§ **EXERCISE DESCRIPTION**
Transcribe, starting at the line with "Maternal sister sold to Mark Land & Cattle" and ending at the line with "Photograph 4. Eastern plot of the three.", every line of the material below exactly, but leave out the pictures and anything outside that span.

§ **SOURCE DATA**
================

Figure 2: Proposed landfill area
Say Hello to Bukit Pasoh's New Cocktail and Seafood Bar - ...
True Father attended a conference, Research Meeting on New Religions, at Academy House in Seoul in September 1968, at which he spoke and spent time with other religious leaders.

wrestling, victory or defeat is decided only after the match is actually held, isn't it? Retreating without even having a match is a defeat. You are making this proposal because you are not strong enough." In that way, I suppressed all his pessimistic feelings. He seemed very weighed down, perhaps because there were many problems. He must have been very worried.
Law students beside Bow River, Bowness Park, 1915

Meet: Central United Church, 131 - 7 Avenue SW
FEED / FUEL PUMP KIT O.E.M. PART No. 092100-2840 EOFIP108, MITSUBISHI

================

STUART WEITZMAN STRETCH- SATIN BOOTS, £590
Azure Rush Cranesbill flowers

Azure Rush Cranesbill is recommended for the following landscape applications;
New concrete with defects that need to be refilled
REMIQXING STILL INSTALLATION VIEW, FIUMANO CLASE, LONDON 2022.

================

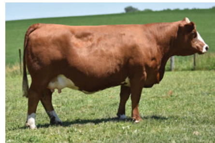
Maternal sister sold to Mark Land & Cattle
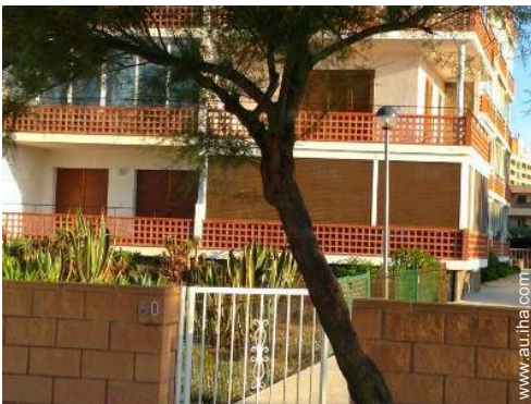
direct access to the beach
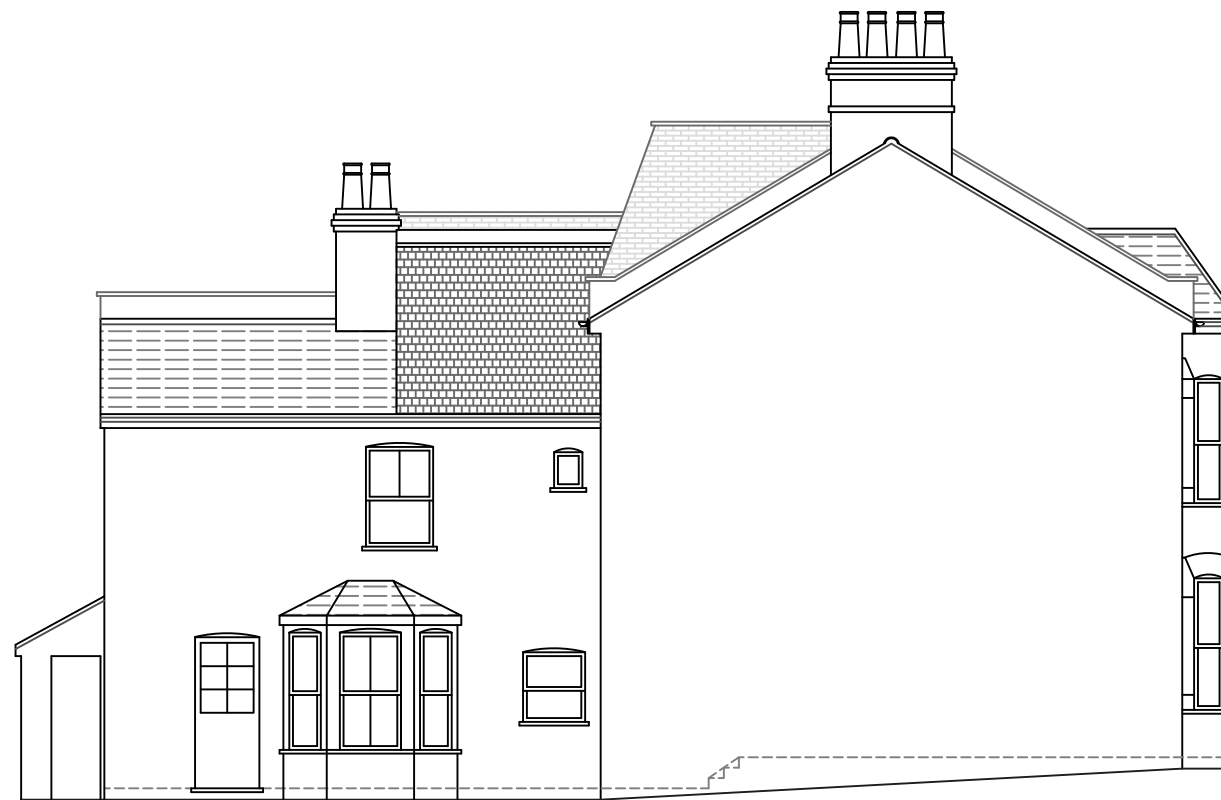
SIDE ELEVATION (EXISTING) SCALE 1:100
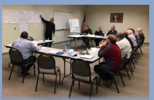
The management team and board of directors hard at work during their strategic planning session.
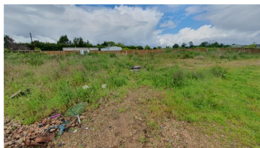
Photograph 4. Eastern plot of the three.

================

§ **SOLVED PROBLEM**
Maternal sister sold to Mark Land & Cattle
direct access to the beach
SIDE ELEVATION (EXISTING) SCALE 1:100
The management team and board of directors hard at work during their strategic planning session.
Photograph 4. Eastern plot of the three.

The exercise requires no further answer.